== THE TASK ==
Using the data that follows, return exactly the lines from the one that contains "I soon had to" through the one that contains "同时,极新还推出「2024 AI出海先锋", ends included.

== DATA SECTION ==
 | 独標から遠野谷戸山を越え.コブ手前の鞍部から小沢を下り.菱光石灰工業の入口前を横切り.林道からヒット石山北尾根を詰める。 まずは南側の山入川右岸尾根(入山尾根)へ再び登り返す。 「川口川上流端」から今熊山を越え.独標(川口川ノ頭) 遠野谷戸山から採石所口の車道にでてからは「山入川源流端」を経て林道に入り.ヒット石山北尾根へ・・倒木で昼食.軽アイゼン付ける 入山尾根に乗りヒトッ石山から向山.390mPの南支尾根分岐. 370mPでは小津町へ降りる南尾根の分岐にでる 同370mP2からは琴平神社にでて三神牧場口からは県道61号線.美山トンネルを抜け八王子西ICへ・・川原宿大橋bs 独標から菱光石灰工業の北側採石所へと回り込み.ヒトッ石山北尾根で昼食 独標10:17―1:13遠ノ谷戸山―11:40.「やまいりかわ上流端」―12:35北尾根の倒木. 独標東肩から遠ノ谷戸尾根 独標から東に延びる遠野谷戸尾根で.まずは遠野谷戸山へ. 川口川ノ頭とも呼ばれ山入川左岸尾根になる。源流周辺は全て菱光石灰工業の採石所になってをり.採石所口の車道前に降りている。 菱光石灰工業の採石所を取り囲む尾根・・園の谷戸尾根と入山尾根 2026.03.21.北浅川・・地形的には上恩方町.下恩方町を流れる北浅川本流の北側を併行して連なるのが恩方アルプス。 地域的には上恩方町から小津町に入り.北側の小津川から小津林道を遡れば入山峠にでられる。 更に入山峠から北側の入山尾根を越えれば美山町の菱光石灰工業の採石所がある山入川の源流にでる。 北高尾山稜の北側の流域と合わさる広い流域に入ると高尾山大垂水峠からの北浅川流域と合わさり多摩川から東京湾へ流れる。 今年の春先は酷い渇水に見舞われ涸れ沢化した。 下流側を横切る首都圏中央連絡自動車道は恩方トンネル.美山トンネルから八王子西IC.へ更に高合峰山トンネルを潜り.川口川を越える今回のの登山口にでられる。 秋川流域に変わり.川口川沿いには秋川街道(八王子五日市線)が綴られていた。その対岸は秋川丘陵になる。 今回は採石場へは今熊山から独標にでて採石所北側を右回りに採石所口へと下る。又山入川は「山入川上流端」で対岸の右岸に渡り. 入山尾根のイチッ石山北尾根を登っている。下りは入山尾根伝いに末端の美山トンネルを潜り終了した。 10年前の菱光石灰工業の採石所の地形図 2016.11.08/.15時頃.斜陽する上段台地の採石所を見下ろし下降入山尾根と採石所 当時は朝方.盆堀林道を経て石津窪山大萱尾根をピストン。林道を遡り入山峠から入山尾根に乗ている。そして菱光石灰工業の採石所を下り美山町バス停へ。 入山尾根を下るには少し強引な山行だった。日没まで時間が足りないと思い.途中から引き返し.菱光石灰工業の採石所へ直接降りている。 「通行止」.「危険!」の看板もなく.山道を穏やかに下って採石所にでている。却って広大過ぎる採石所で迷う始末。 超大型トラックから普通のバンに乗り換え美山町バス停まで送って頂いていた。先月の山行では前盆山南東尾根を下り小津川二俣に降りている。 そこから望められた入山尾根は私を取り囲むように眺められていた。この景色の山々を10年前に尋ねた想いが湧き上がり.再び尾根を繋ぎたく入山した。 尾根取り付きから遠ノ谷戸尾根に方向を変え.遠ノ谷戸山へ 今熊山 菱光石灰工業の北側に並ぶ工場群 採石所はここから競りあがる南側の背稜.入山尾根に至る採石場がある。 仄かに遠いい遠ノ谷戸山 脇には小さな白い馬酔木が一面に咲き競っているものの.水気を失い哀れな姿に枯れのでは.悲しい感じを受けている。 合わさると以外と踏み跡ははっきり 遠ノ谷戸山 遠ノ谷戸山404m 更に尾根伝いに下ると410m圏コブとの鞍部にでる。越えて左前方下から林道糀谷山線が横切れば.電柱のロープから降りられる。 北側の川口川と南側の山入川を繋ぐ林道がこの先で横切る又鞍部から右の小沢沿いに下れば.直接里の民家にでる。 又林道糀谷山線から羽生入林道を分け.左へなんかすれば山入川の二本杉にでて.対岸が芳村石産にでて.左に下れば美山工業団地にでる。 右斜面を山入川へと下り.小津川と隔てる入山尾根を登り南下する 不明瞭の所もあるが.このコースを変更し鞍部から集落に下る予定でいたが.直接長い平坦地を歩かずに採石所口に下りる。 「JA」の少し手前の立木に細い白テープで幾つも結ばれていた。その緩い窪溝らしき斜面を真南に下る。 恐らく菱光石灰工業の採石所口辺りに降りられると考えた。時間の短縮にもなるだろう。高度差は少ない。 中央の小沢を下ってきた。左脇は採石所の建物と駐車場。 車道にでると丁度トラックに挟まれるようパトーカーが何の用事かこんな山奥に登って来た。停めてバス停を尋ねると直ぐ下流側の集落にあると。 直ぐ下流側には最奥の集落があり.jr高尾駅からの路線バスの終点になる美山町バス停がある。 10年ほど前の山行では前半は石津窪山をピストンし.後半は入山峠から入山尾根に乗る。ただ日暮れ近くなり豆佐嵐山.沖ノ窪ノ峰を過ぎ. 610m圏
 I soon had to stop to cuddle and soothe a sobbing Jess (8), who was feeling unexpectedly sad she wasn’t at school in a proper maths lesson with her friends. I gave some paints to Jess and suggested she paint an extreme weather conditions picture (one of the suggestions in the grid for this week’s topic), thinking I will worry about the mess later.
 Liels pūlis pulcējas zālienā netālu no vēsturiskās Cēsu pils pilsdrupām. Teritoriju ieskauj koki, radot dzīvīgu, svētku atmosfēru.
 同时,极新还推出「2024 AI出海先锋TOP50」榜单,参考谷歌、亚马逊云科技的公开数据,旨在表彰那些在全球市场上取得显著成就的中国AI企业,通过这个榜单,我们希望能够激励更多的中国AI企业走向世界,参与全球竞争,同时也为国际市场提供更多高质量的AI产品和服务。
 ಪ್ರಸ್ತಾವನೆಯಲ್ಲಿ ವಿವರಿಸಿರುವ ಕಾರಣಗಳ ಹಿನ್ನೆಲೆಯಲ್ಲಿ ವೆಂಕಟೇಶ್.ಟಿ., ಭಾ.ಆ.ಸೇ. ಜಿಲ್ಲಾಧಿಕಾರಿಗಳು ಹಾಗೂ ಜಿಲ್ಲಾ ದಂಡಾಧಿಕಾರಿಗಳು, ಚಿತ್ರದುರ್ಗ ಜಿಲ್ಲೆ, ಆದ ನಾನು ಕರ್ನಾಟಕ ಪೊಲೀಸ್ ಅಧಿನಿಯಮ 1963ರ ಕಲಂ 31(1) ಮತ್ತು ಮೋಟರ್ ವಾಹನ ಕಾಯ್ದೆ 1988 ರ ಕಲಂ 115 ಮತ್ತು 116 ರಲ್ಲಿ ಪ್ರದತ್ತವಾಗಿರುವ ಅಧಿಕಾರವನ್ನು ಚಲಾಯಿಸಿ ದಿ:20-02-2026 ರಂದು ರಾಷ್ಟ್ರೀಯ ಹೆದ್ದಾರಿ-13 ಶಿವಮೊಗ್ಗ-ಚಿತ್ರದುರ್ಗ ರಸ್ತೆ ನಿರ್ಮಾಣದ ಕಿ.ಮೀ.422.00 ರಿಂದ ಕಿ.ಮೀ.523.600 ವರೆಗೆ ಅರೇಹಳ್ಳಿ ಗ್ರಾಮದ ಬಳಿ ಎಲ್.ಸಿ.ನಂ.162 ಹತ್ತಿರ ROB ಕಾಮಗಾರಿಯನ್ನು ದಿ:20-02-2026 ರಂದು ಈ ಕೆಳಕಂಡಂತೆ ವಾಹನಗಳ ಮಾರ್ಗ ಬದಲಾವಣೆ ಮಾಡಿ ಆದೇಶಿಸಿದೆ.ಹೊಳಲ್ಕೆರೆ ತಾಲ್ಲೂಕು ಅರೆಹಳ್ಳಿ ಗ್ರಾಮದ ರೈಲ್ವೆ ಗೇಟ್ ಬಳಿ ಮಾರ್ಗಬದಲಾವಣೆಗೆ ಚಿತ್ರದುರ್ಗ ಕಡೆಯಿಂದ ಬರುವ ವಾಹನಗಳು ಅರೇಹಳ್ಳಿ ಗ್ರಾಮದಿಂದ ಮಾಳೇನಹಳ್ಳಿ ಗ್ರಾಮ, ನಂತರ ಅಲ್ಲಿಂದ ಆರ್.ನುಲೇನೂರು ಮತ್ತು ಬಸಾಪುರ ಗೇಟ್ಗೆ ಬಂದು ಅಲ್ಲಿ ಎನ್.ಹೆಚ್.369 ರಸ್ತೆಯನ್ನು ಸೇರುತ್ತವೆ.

== OUTPUT OF THE EXERCISE ==
 I soon had to stop to cuddle and soothe a sobbing Jess (8), who was feeling unexpectedly sad she wasn’t at school in a proper maths lesson with her friends. I gave some paints to Jess and suggested she paint an extreme weather conditions picture (one of the suggestions in the grid for this week’s topic), thinking I will worry about the mess later.
 Liels pūlis pulcējas zālienā netālu no vēsturiskās Cēsu pils pilsdrupām. Teritoriju ieskauj koki, radot dzīvīgu, svētku atmosfēru.
 同时,极新还推出「2024 AI出海先锋TOP50」榜单,参考谷歌、亚马逊云科技的公开数据,旨在表彰那些在全球市场上取得显著成就的中国AI企业,通过这个榜单,我们希望能够激励更多的中国AI企业走向世界,参与全球竞争,同时也为国际市场提供更多高质量的AI产品和服务。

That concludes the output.